In model A, salty water boils explosively near the surface of Enceladus when it encounters the vacuum of space. This model can be ruled out, because such explosive activity would spread large amounts of sodium into space where it would have been seen by the Earth-based observers. If this model was correct, then nearly all the ice particles observed by Cassini would be salt-rich, instead of just a fraction of them.
In model B, salty water evaporates more slowly at some depth in a narrow fissure, creating vapor which escapes to the surface to form the plume. This model also seems unlikely because the fissure would rapidly become clogged by salt left behind as water evaporates. The water would also freeze, because not enough heat could reach the water surface up the narrow fissure to replace the heat lost by evaporation.

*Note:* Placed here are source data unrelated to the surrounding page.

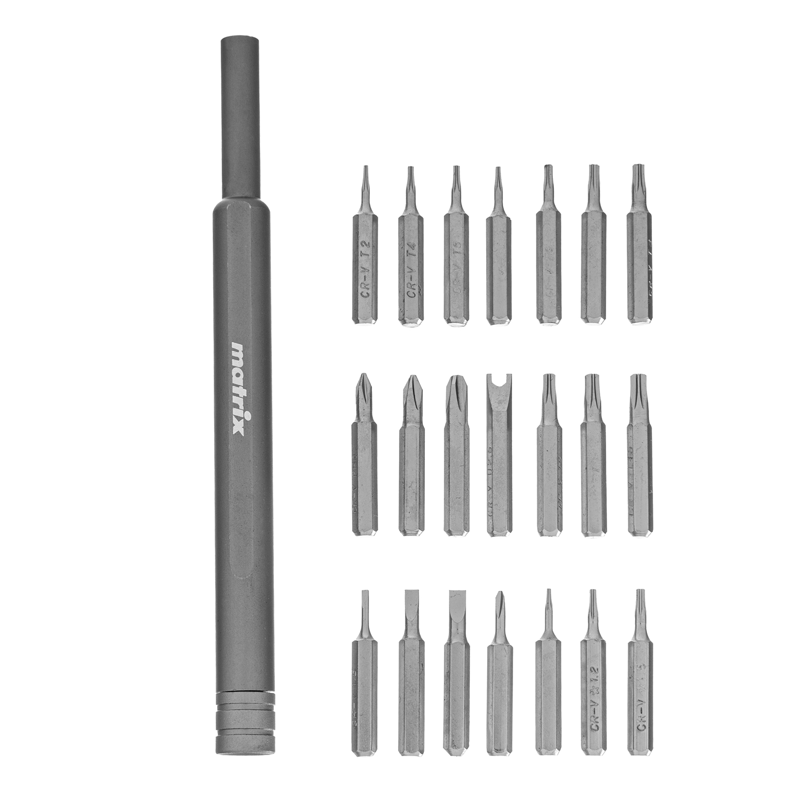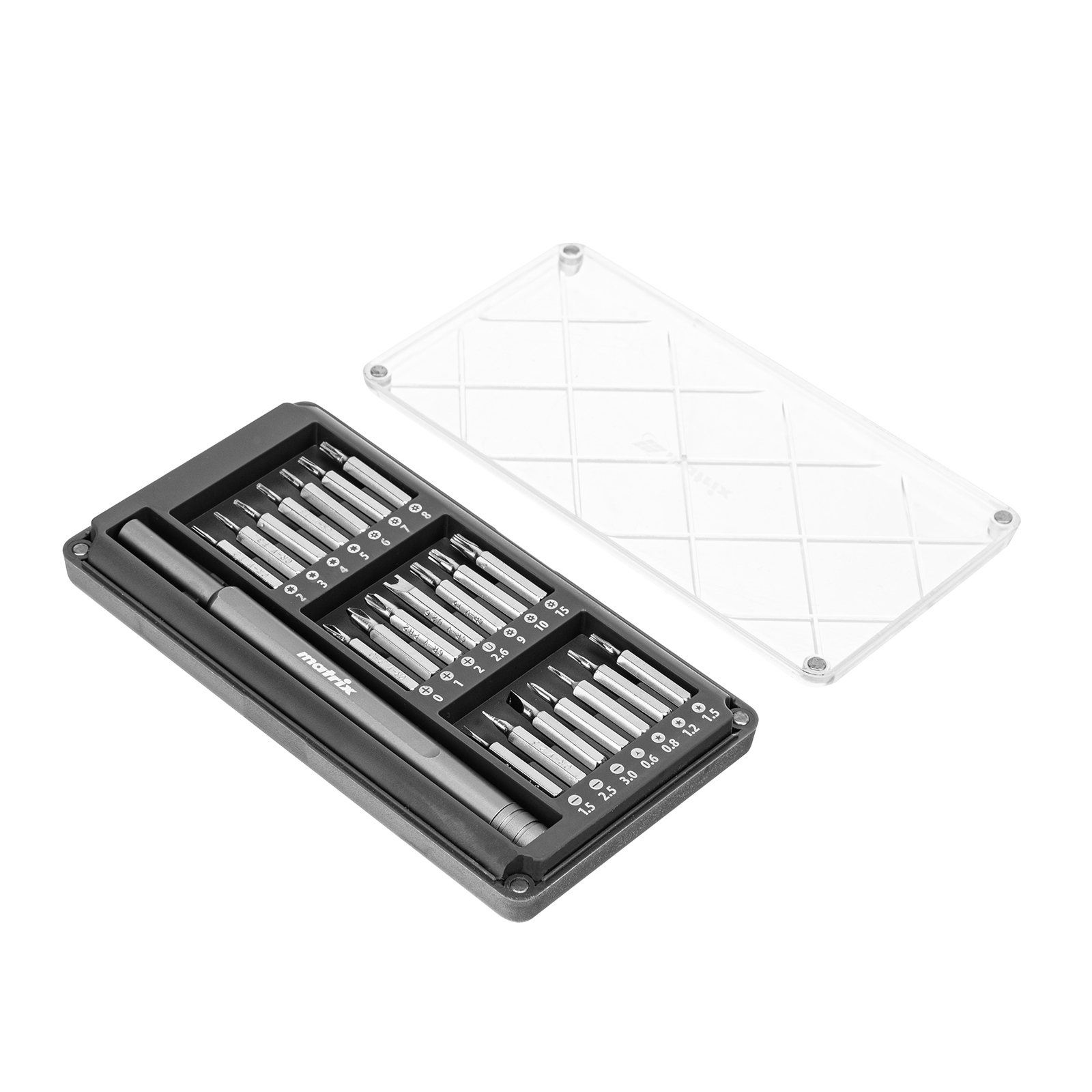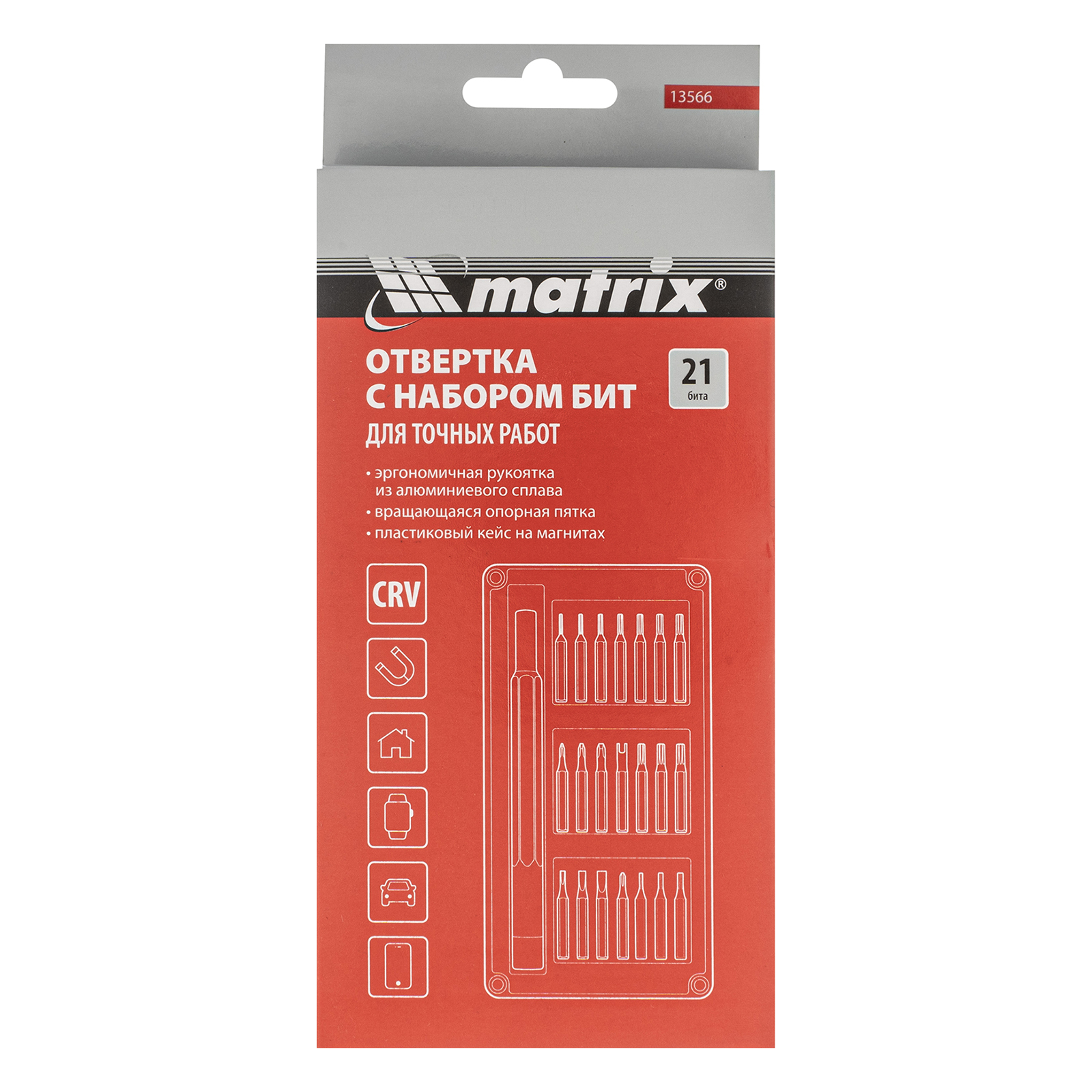 Универсальный набор для точных работ Matrix 13566 22 в 1 содержит 21 биту под шлицы PH, SL,T, H, Str, Y и U, а также отвертку-держатель. Вращающийся затыльник позволяет поворачивать отвертку перебором пальцев, что упрощает работу с мелким крепежом. При помощи входящих в набор инструментов можно отремонтировать очки, игрушки, портативную и бытовую технику и т.д.
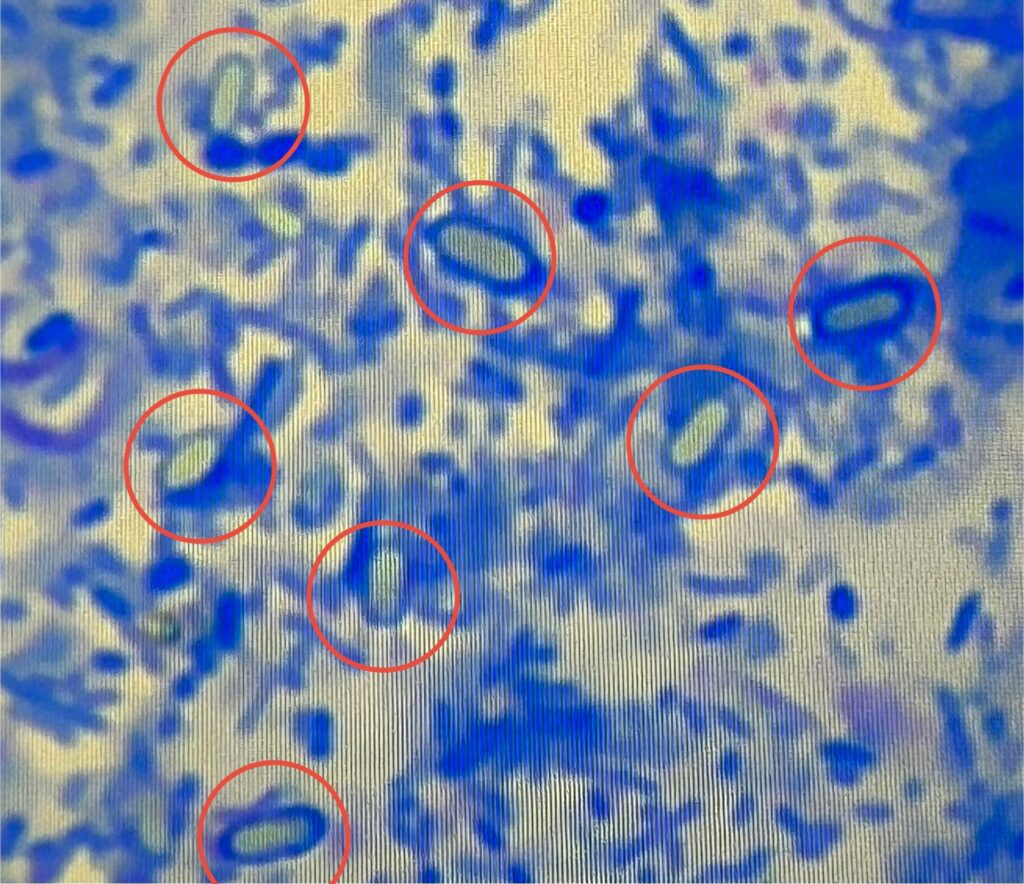 〇の印の中がウェルシュ菌です。顕微鏡の拡大倍率は1000倍です。
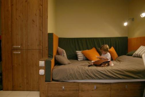 В этом случае можно сделать несколько выдвигаемых из подиума ящиков для хранения различных вещей (игрушек, белья и пр).
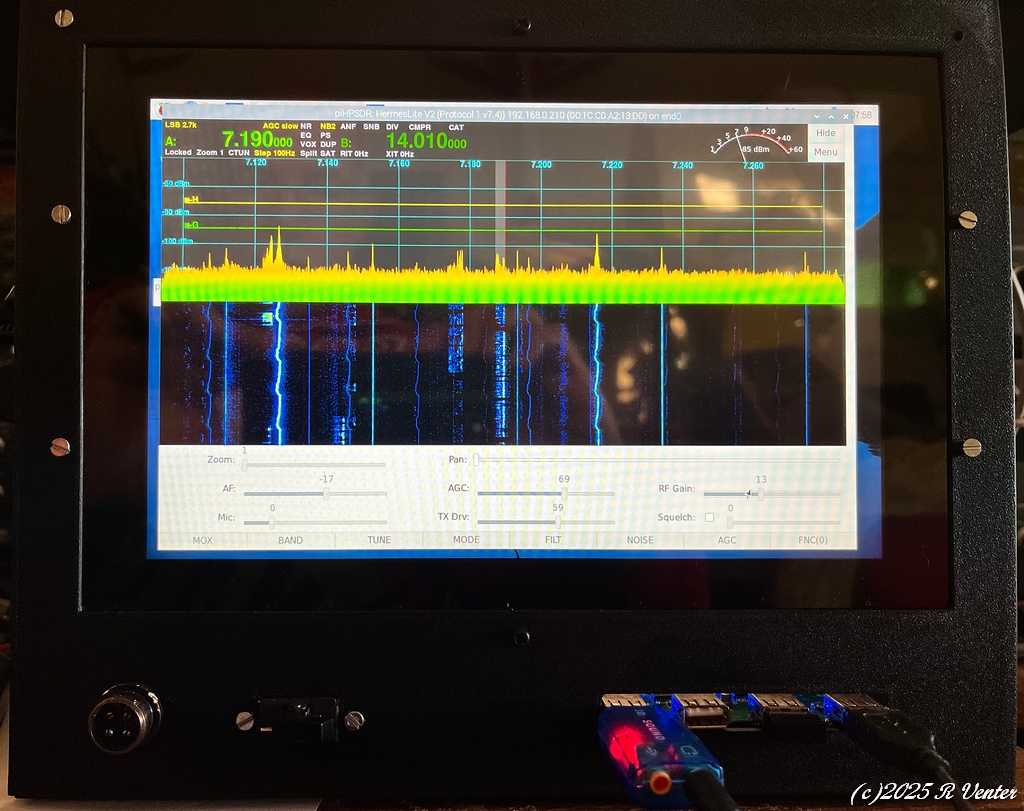(8GB) running PiHPSDR software. The radio has a 10.1" touch screen as well as
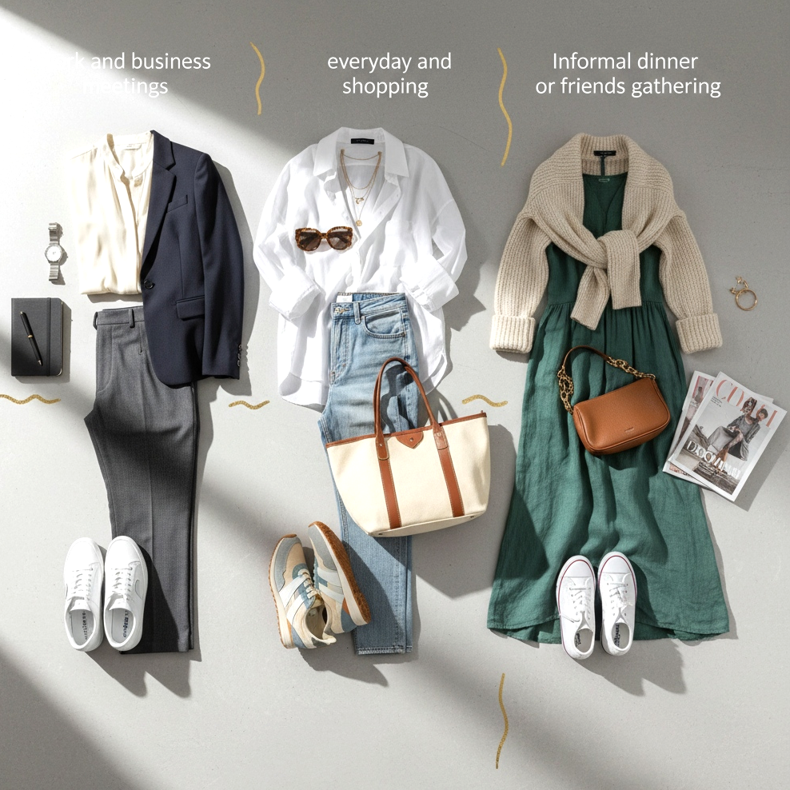 For work and business meetings: White slim-line sneakers go perfectly with fitted trousers in shades of gray or navy blue. For the top, choose a silky blouse or a minimalist jacket. This style is both professional and fresh-looking - perfect for a casual Friday at the office or a meeting with a client in a creative industry.
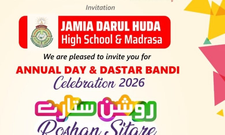 جامعہ دارالہدیٰ وادی ھدیٰ پہاڑی شریف حیدرآباد کے زیرِ اہتمام سالانہ جلسہ و دستار بندی بروز ہفتہ، 28 مارچ 2026ء، شام ٹھیک 6 چھ بجے جامعہ دارالہدیٰ کے احاطہ وادی ھدیٰ پہاڑی شریف حیدرآباد پر منعقد ہوگا۔ اس تقریب کی صدارت امیر حلقہ جماعت اسلامی ہند، حلقہ تلنگانہ و صدر اسلامک سوشیل سروس سوسائٹی حیدرآباد جناب محمد اظہرالدین صاحب کریں گے۔جامعہ کے ایڈمنسٹریٹر جناب آصف محی الدین کے مطابق اس سالانہ جلسہ کے موقع پرحفظ قرآن کی تکمیل کرنے والے طلبہ دستارِ فضیلت سے سرفراز کیے جائیں گے

In model C, the warm ice evaporates directly into vapor to form the plume, in a process called sublimation. The salty particles found in the plume would have been created by liquid water in an earlier epoch and would have been stored in the near-surface layers of Enceladus until the present. These particles would now be incorporated into the plume by the escaping gases. This model cannot be ruled out, but seems unlikely because it may be difficult to dislodge old ice grains from the walls of the fracture.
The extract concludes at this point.